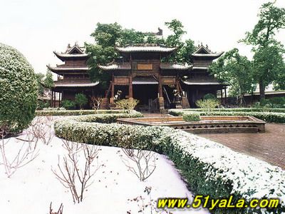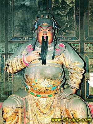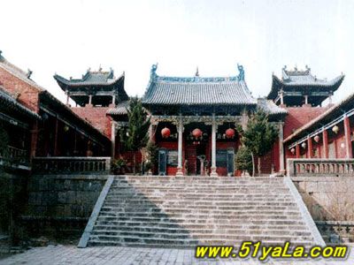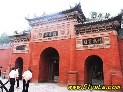 前行有午門.是一座面闊五間,單檐廡殿頂、石雕回廊的廳式建筑。周圍有石欄桿,欄板正反兩面浮雕各類圖案、人物144幅,洋洋大觀,頗有童趣。廳內南有周倉、廖化畫像,軒昂威武。北面左右兩側,彩繪著關羽戎馬一生的主要經歷,起于桃園三結義,止于水淹七軍,只是沒有走麥城這個情節(jié),在全國關廟壁畫中都按此進行,據(jù)說這是因忌諱關羽自高自大而被殺,終于造成蜀國的覆滅而隱去的。穿過午門,經“山海鐘靈”坊、御書樓,便是關帝廟主體建筑崇寧殿。
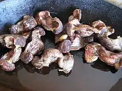 The cuisine of Gascony is characterised by the use of regional products such as duck fat and duck foie gras, salted ham, and the famous mild chilli of Gascony. Common condiments are Bezolles mustard, garlic, persillade, and onion. The cèpe mushroom is frequently eaten; Tricholoma equestre was traditionally eaten but is now considered poisonous after several cases of rhabdomyolysis were linked to its consumption. Larks and the common wood pigeon are commonly eaten game birds; the ortolan, previously commonly eaten, has been a protected species since 1999. Coastal seafood includes oysters, peppery furrowshells, eel elvers, lampreys, and shad.
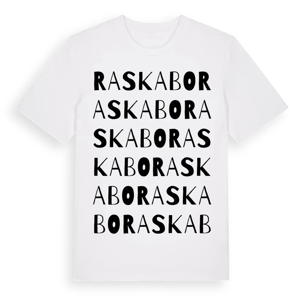 Raskabo ordlek t-shirt är inspirerad av Raskabo i Hallands län, Sverige. Tröjan är designad för dig som har en speciell koppling till platsen – oavsett om du bor här, har rötterna här eller bara älskar Raskabo.
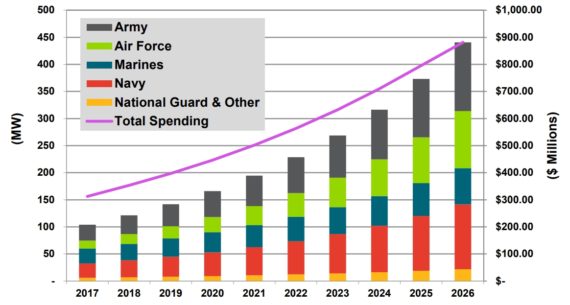 Navigant Research因此得出結(jié)論:通過使用微型電網(wǎng),國防部將能夠減少其目前在其523座設(shè)施和28萬座建筑物上花費的40億美元能源消耗。此外,Navigant預(yù)測,年度微電網(wǎng)的支出將從2017年的4.534億美元增加到2026年的14億美元。
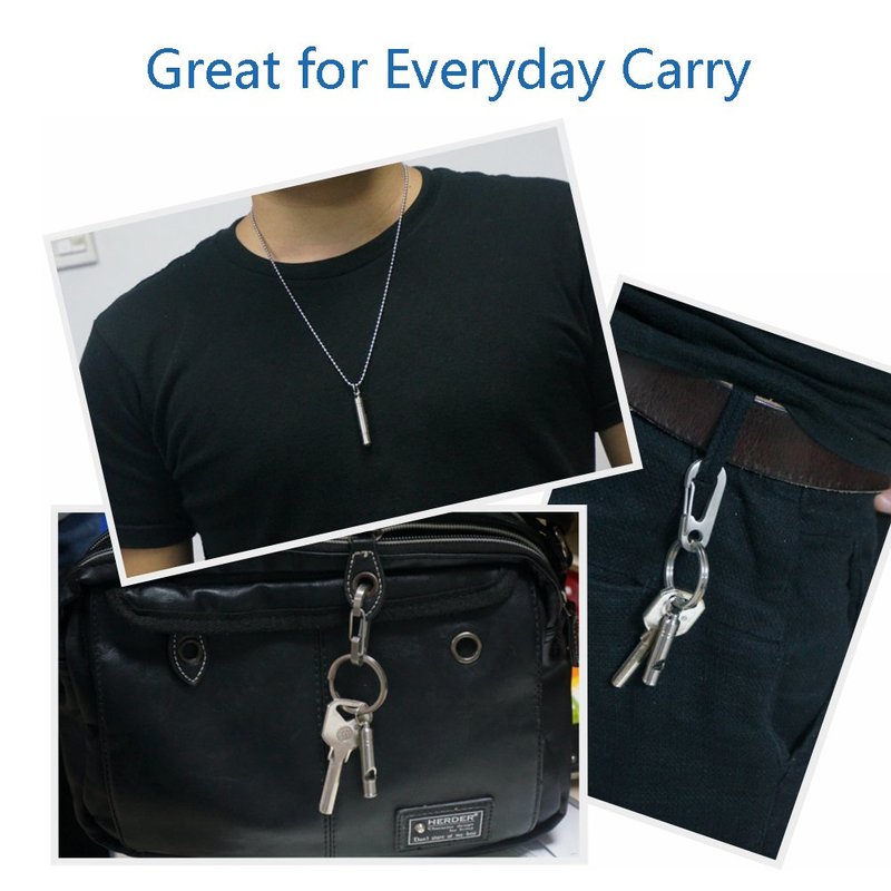 - PERFECT SIZE: Length: 1.55”, Outer diameter: 0.31”, Weight: 0.17oz. Highly portable and fit perfectly on your keychain, necklace or backpack. Great for every day carry.

---

What you will do:
Keep the pictures out of your copy. Copy only the lines from the line that holds "Navigant Resea" through the last line of the listing above, both included.

Completed exercise:
 Navigant Research因此得出結(jié)論:通過使用微型電網(wǎng),國防部將能夠減少其目前在其523座設(shè)施和28萬座建筑物上花費的40億美元能源消耗。此外,Navigant預(yù)測,年度微電網(wǎng)的支出將從2017年的4.534億美元增加到2026年的14億美元。
 - PERFECT SIZE: Length: 1.55”, Outer diameter: 0.31”, Weight: 0.17oz. Highly portable and fit perfectly on your keychain, necklace or backpack. Great for every day carry.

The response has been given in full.